• _Work instruction_
Write out again, unchanged, the line that has "Schlüsselchaos war gestern." and each following line through the end of the entries below; leave pictures out.

• _Supplied entries_
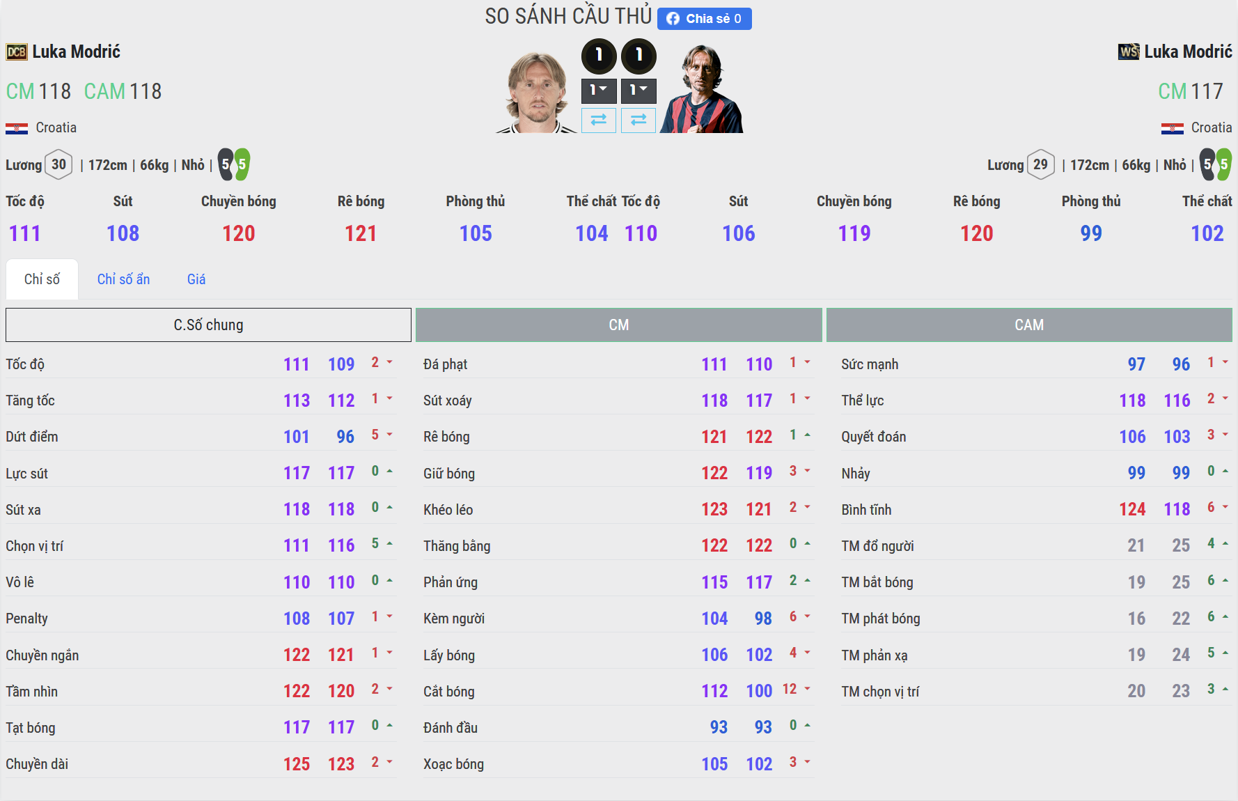Modric WS dứt điểm ở mức khá. Những cú sút xa tuyến hai có độ bất ngờ, nhưng hiệu suất chưa thực sự cao và phụ thuộc khá nhiều vào tư thế dứt điểm. Modric DCB cho cảm giác dứt điểm gọn gàng và chính xác hơn. Không sút nhiều, nhưng khi có khoảng trống, các pha đặt lòng hoặc sút chéo góc từ ngoài vòng cấm đều mang tính sát thương rõ rệt.
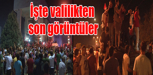 Ellerinde bayraklarla on binlerce vatandaş ve polislerin valilik önünde bekleyişi sürüyor.
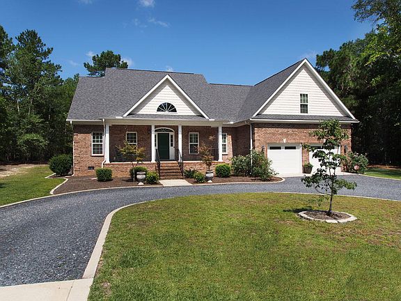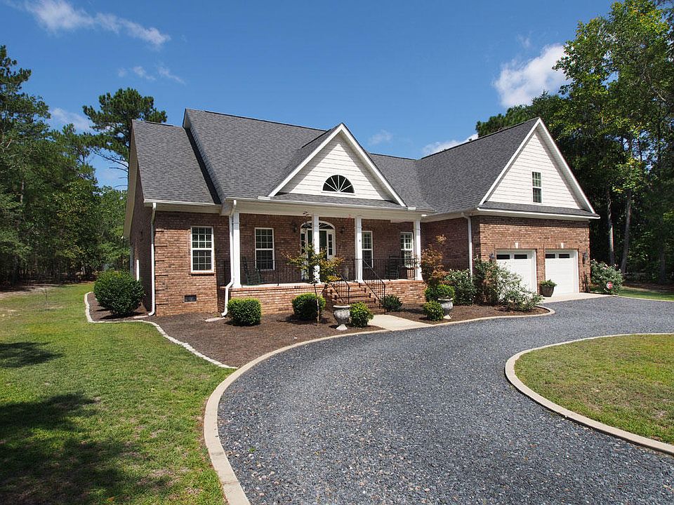 This lovely brick home has a wonderful location within walking distance to the historic Village of Pinehurst and to Rassie Wicker Park. Built in 2014, the home offers an open floorplan, hardwood floors, high smooth ceilings and lots of windows. The living room has recessed lighting, double crown molding, a stone fireplace with natural gas fire logs and double French doors opening onto an expansive covered porch. The very spacious master suite has a trey ceiling with double crown molding, recessed lighting and two large walk-in closets. The kitchen is light and open with cherry custom wood cabinets, granite countertops, farmhouse sink and stainless steel appliances. Also on the main floor is a formal dining room with hardwood floors and double crown molding, two additional bedrooms
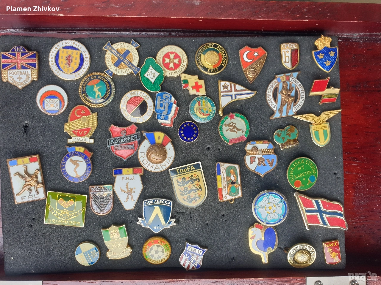 Колекция от значки в мн .хубава дървена кутия → Обява 53560064
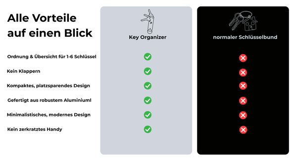 Schlüsselchaos war gestern. Mit dem Key Organizer hast du alles geordnet, griffbereit und kompakt. Kein Klappern, kein Verheddern!
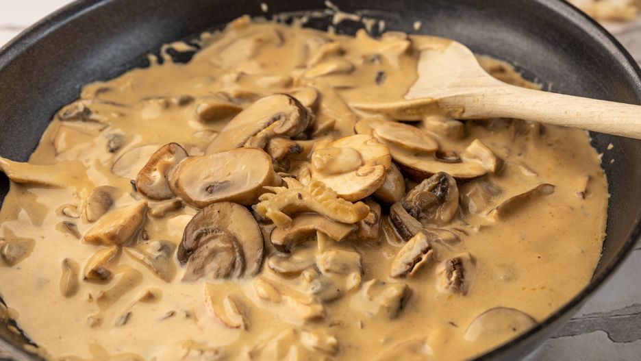 Większość z nas do zabielania sosu pieczarkowego używa śmietany 12 lub 18 proc., która pod wpływem temperatury potrafi się rozwarstwić. Oczywiście możesz ją zahartować, ale pod wpływem redukowania sosu znowu mogą pojawić się grudki. Serek mascarpone zawiera o wiele więcej tłuszczu, a przy tym ma jednolitą strukturę, dzięki czemu idealnie łączy się z innymi składnikami sosu.
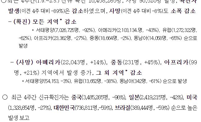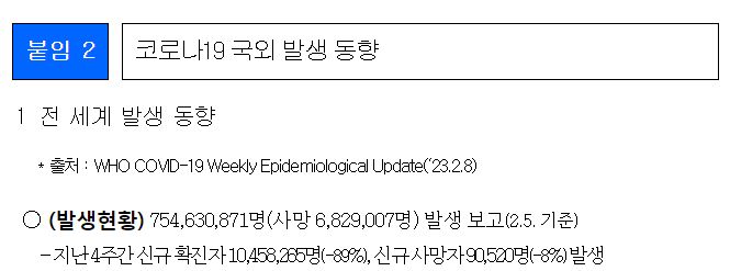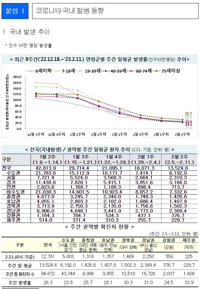 | 코로나19(2023.2.8.) 주간 발생 동향 및 위험도 평가(1.29.~2.4.) (0) | 2023.02.17 |

• _Solution for this exercise_
 Schlüsselchaos war gestern. Mit dem Key Organizer hast du alles geordnet, griffbereit und kompakt. Kein Klappern, kein Verheddern!
 Większość z nas do zabielania sosu pieczarkowego używa śmietany 12 lub 18 proc., która pod wpływem temperatury potrafi się rozwarstwić. Oczywiście możesz ją zahartować, ale pod wpływem redukowania sosu znowu mogą pojawić się grudki. Serek mascarpone zawiera o wiele więcej tłuszczu, a przy tym ma jednolitą strukturę, dzięki czemu idealnie łączy się z innymi składnikami sosu.
 | 코로나19(2023.2.8.) 주간 발생 동향 및 위험도 평가(1.29.~2.4.) (0) | 2023.02.17 |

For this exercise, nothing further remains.